Friday, 17 December 1999 Washington, DC
1. COX REPORT: STANFORD GROUP ISSUES A DETAILED REBUTTAL.
Back
in May, after weeks of selected leaks and hype, a House Select
Committee, headed by Chris Cox (R-CA), released 700 soporific
pages of speculation about Chinese spying
(WN 28 May 99)
. This
week, a group of five Stanford scholars issued a devastating 100-
page critique of the Cox Report. While noting that not all of
the report was unclassified, the Stanford group found unsupported
allegations, unwarranted conclusions, inflammatory language, and
factual errors. One of the authors, W.K.H. Panofsky (1974 APS
President), notes that while the Cox report fails to specifically
link losses to scientific exchanges, it nevertheless alleges that
essentially all Chinese visitors to the U.S. are potential spies.

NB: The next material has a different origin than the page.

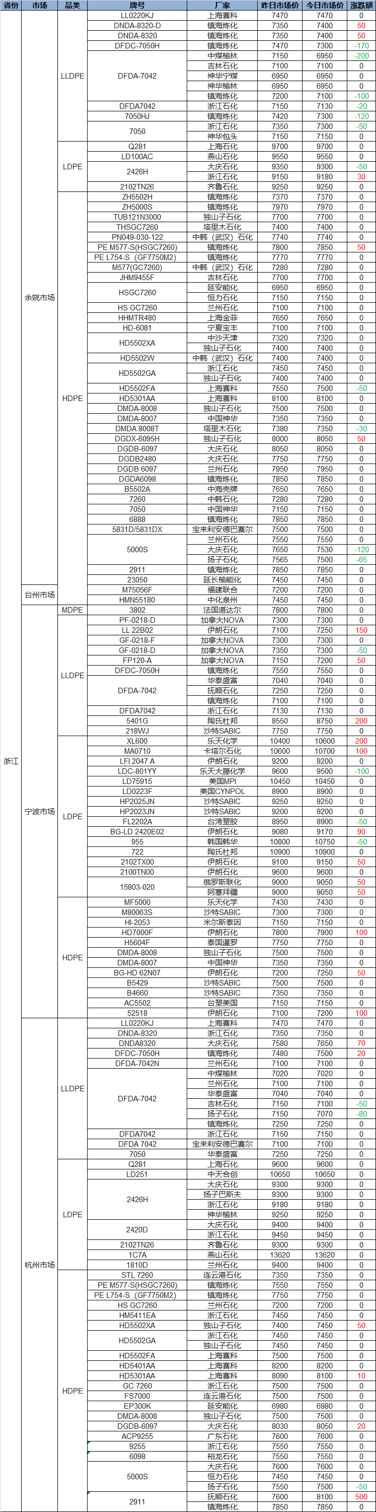 Summary: On October 23, the Zhejiang polyolefin market opened with new prices! PP saw more increases than decreases, with most rising by 30-280, and the highest increase being 300; PE mostly showed gains, with some rising by 30-200, and the highest increase reaching 500, while some decreased by 50-200.

2. SECRETS: LOS ALAMOS SCIENTIST INDICTED FOR TAKING WORK HOME.
It's been ten months since Wen Ho Lee was fired from his job at
the weapons lab and publically fingered as the chief suspect in
the leak of nuclear weapons information to China. The prime
suspect since 1995, Lee was not indicted until this week--and he
was not indicted for espionage. He was charged with 59 counts of
downloading. He is being held without bail. Mishandling nuclear
secrets is a serious offense, carrying a possible life sentence.
But there is a slight whiff of something else. The strange case
of Richard Jewell and the Olympic bombing in Atlanta immediately
comes to mind. The only case against Jewell, it turned out, was
that he matched an FBI profile. So, it would appear, does Wen Ho
Lee. Others, including CIA Director John Deutch, have downloaded
classified information, but they didn't fit the Cox profile.

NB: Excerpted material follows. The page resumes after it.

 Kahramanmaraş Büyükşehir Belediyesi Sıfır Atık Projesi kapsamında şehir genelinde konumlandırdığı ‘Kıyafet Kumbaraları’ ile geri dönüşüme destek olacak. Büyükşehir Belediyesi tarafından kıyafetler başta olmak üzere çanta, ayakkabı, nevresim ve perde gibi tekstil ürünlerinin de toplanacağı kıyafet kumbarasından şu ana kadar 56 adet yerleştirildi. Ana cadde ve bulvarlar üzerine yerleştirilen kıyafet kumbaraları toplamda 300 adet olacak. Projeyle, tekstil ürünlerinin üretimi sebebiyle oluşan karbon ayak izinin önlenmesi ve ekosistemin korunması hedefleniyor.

3. HUBBLE TROUBLE: SHUTTLE RELIABILITY CALLED INTO QUESTION.
The launch of Discovery to fix the comatose space telescope has been
postponed for the seventh time. First set for October
(WN 12 Nov 99)
, it has been rescheduled for tonight to allow fuel line welds
to be checked--a contractor used the wrong welding rods. Now the
weather looks bad. If it's not up by tomorrow, it must wait till
January to avoid possible Y2K glitches. NASA isn't talking about
the growing panic over space station construction delays. Three
of the four shuttles remain grounded for wiring repairs, and one
of them can't reach the high-inclination orbit of the station
anyway. With 80 launches to go, one space veteran estimates that
assembly could take another 20 years. Meanwhile, Russia's Proton
rockets are still grounded while a commission tries to figure out
why they keep crashing. Prediction: the critical Service Module,
which provides propulsion, will not be launched before Spring.
4. URGENT! SCIENTISTS ARE NEEDED ON CAPITOL HILL.
Things may be
nutty up there, but it would be a lot worse if it weren't for a
dedicated group of Congressional Science Fellows. I promise you
that a year on the Hill is an education. The application deadline
is 15 Jan 00. For details, go to
<http://www.aps.org>.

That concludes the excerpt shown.